The decision to suspend hearings to this March was issued on December 13, 2012. Judges said the suspension was necessary for the accused’s lawyers to undertake further investigations and draw up an additional witness list in view of the possible change.
However, defense lawyers Aimé Kilolo-Musamba and Peter Haynes noted that the Pre-Trial Chamber had refused to confirm prosecution allegations that Mr. Bemba “should have known” that his troops were committing or about to commit the crimes for which he was charged. Furthermore, they stated that although described by trial judges as a “legal re-characterization of facts,” the course envisaged by the judges went beyond that by adding a new set of facts and factual allegations to the charges.
In response, Prosecutor Fatou Bensouda stated that the order to suspend hearings only applied the safeguards envisaged in the court’s Regulation 55(2) and (3). These regulations provide that, when the possibility of a change to the legal characterization of the facts is envisaged at any time during trial, trial judges may suspend the hearing and ensure that the participants have adequate time and facilities for effective preparation.
Ms. Bensouda argued that the planned defense appeal was grounded on the erroneous premise that the Chamber had added new facts and circumstances to those in the charges. She added that the defense application was “a mere disagreement” with the Chamber’s decision to notify the parties that it may change the legal characterization of the facts.
The defense stated that trial judges had on two occasions refused to provide Mr. Bemba with a notice of the material facts that would be relevant to the re-characterization of the facts. They said this was a violation of the right for the accused to have prompt and detailed notice of the charges.
Moreover, they stated, the two-and-a-half months the chamber gave the defense to prepare included a judicial recess, which left them with only five weeks to conduct investigations in a hostile environment. The defense said it indicated to judges that such a re-investigation would last between six and nine months.
Defense lawyers also argued that trial judges had overlooked the declaration by the court’s Counsel Support Section that no more funds would be availed for defense investigations in this case, “effectively leaving the accused with no ability to investigate the new charges against him.”
“Having used his own resources to disprove the case as confirmed by the Pre-Trial Chamber, Mr. Bemba is now expected to contribute resources with a view to allowing the Prosecution to put forth an alternative basis for liability to convict him. The unfairness of such a course is evident,” submitted Mr. Bemba’s lawyers.
The defense lawyers also objected to an order by judges, which required them to identify passages of the prosecution evidence that would warrant recalling of prosecution witnesses. The defense argued that this would effectively amount to requiring the defense to identify evidence that might be relevant to convicting Mr. Bemba. This, they said, could not be reconciled with either the presumption of innocence or the right not to incriminate oneself.
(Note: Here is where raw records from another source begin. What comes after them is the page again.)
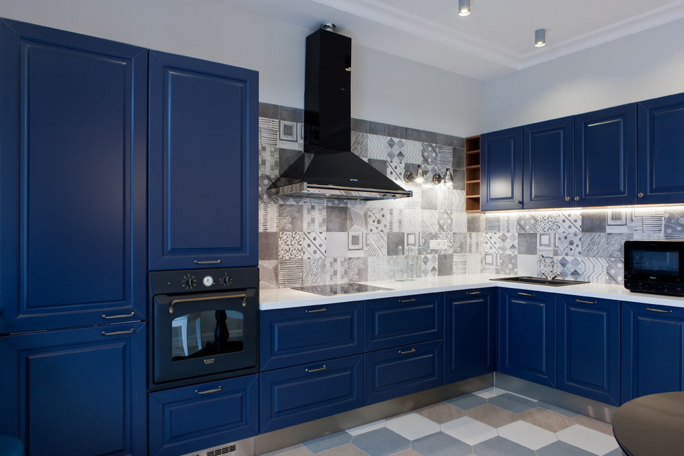 A kitchen in blue tones goes well with household appliances that have a metal surface. You can not hide the refrigerator and microwave behind the facades of the headset. When decorating a room in gray-blue shades, it is appropriate to install a stainless steel hood.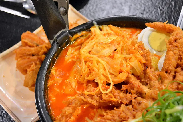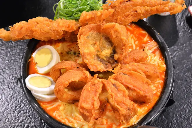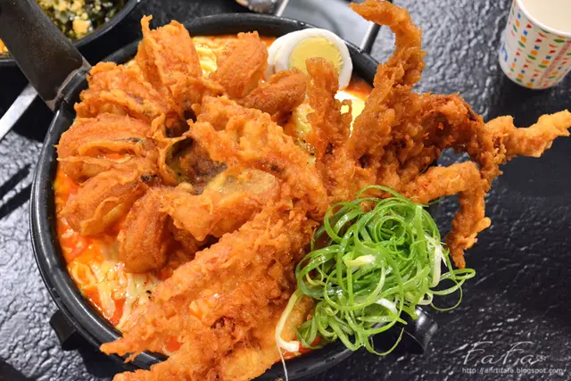 著名招牌菜是炸魷魚呈現張牙舞爪的狀態延伸到鍋子外頭,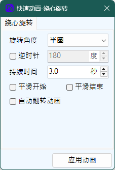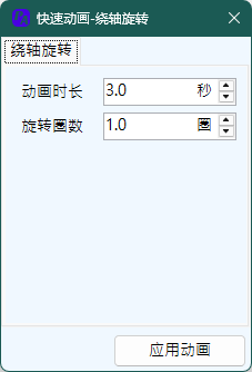 该功能可以创建一个图形绕一条直线轴线3D旋转的模拟动画,实际是通过缩放动画实现的。因此,某些情况下,可能看起来并不像是在进行3D旋转。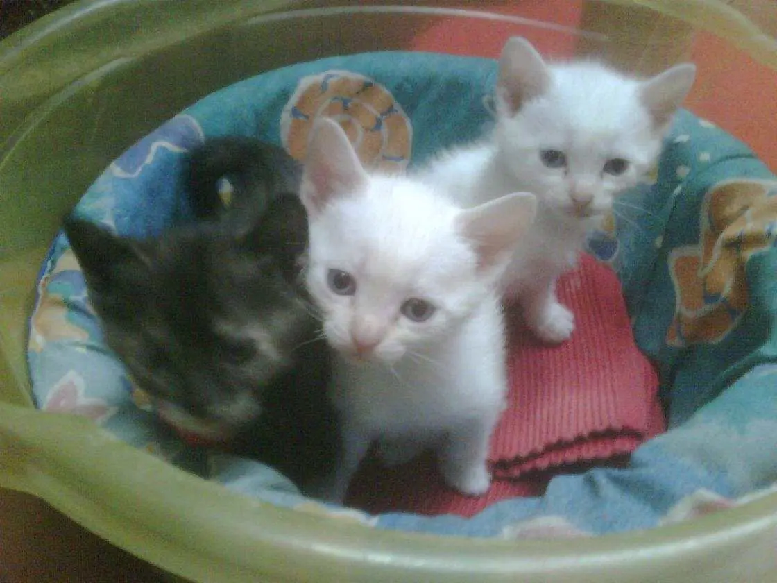 As bebês tinham acabado de nascer. Fiquei com dó e as trouxe para casa, mas não posso ficar com elas. Já castrei a mãe e arrumei alguém para ficar com ela. Ainda não consegui doar as filhotes, que já estão com um mês.

However, Ms. Bensouda said the factual scope of the trial remained unaffected and that any change of the legal characterization of facts would ultimately be made by the Chamber when it issues its decision on the guilt or innocence of the accused. “The Defense can then renew its arguments in an appeal of the final judgment if the accused is found guilty under the alternative form of knowledge,” submitted the prosecutor.
The prosecution has previously indicated that an alternative legal characterization of the charges would have no impact on its case because the same evidence it presented to prove that Mr. Bemba had actual knowledge also proves that owing to the circumstances at the time, he should have known about the crimes.
The defense case opened in August 2012 and has to-date seen 14 of the proposed 63 defense witnesses give evidence.
Judges are expected to pronounce themselves on the defense’s application for leave to appeal in due course.